By  · Published on June 1st, 2010

The Crisis of the Romantic Comedy

The romantic comedy, like the western, has a unique, Hollywood-specific tradition as a genre. Romantic comedies have conventionally operated under a strict set of generic expectations, typically starting with a protagonal pair of who can’t stand each other, start seeing one another, hit a snag, reconcile, fall in love, and (inferentially) live happily ever after. The romantic comedy is, in many ways, as “pure” a genre as there ever was one, as it requires the strict adherence to owning up on an audience’s specific set of expectations – you know going in that the two central characters are going to end up together, the slight variation (and appeal) of the genre takes place in the journey to that anticipated point. The separation of the couple presents itself as a threat to their unity, but this threat is never so threatening as an implicit contract exists between audiences and filmmakers that the couple will eventually reunite, this time for good.

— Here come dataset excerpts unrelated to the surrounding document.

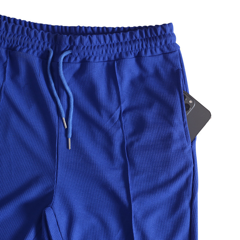 Waffle Long sleeved Spliced Stand up Neck Fashion Half Zipper Casual Sports Set Men's
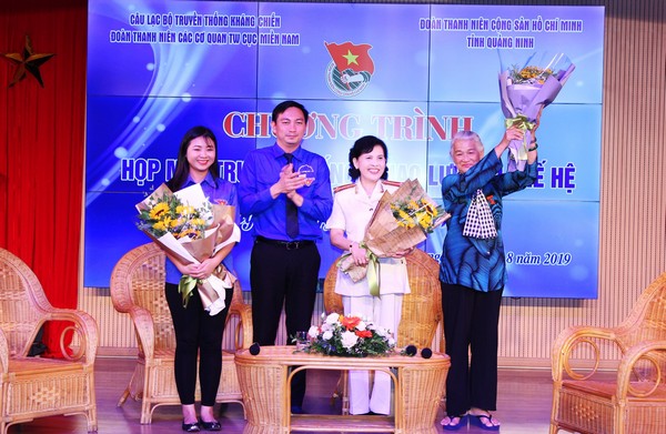 Đ/c Lê Hùng Sơn, Bí thư Tỉnh đoàn Quảng Ninh tặng hoa các đại biểu chương trình “giao lưu hai thế hệ”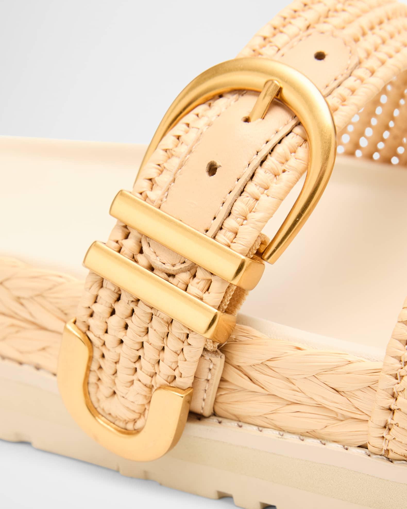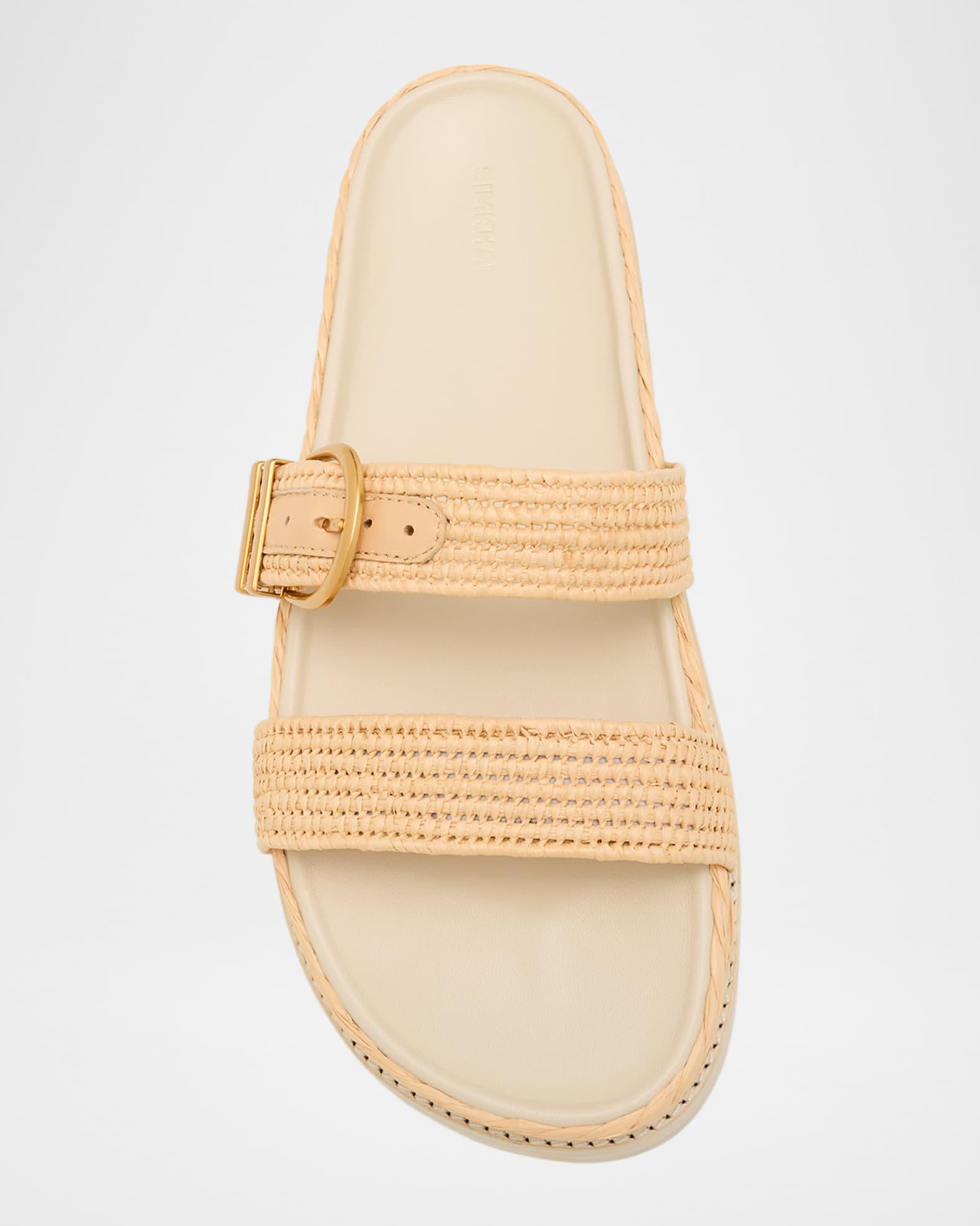 SIMKHAI "Aida" woven raffia sporty espadrille sandals with leather trim Flat braided-jute heel Open toe Dual band upper with buckle strap accent Slide style Leather outsole Lining: Leather Fits true to size Imported

The romantic comedy in its Classical Hollywood form offered some of the greatest films ever made. However, the genre in recent years has been sputtering out of inspiration, and never before has one of Hollywood’s most enjoyable formulas felt so formulaic. Not only are most of the industry’s recent romantic comedies the bottom-of-the-barrel in mainstream filmmaking, appealing to the lowest common denominator in the scope of filmic taste and expectation (i.e., these films insult their audiences by treating them like idiots who can’t tolerate anything cinematic outside the most conventional of structures – think of what’s been released so far this year alone: When in Rome, Valentine’s Day, Leap Year), these films are also backward in terms of their sex and gender politics, positioning their female protagonists as desperate codependents who long for a man to bring their life to completion and contentment (as the genre has also, problematically, geared itself primarily towards women (the cringe-worthy term chick-flick), rather than keeping consistent with the mass appeal of the genre of yesteryear). Thank you, Hollywood, for progressing us all the way to 1950.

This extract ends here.